The war monitor, the Syrian Observatory for Human Rights, said rockets were fired at military positions of the Syrian army and allied forces in Baath City.
The hostilities came a night after Syria accused Israel of striking one of its military bases south of Damascus, an attack that the Syrian Observatory said killed 15 people, including eight Iranians.
Tensions have recently surged between Israel and Syria, where Iranian and Lebanese Hezbollah forces have been helping Damascus beat back a seven-year-old rebellion.
Tensions flaring
Fearing that Iran and Hezbollah are setting up a Lebanese-Syrian front against it, Israel has occasionally struck at their forces. Iran blamed it for an April 9 airstrike that killed seven of its military personnel in Syria, and vowed revenge.
Conricus said that, in Thursday's attack, around 20 projectiles, most likely rockets, were fired by the Quds Force, an external arm of the Iranian Revolutionary Guards Corps, around 12.10 a.m. local time.

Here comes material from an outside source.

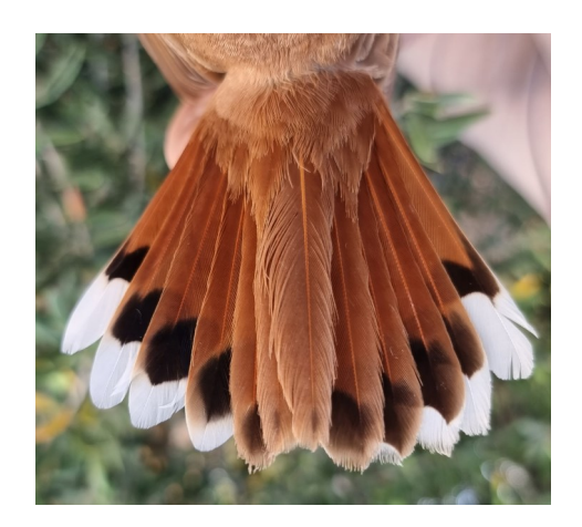
Rufous-tailed Scrub-robin. Adult. Tail pattern (09-VII).

Expectations of a regional flare-up were stoked by U.S. President Donald Trump's announcement on Tuesday that he was withdrawing from the Iranian nuclear deal. Hours later, Israeli rockets targeted a military base in Kisweh, a city just south of Damascus, a commander in the pro-Syrian government regional alliance said.
Israel has neither confirmed or denied responsibility for that strike.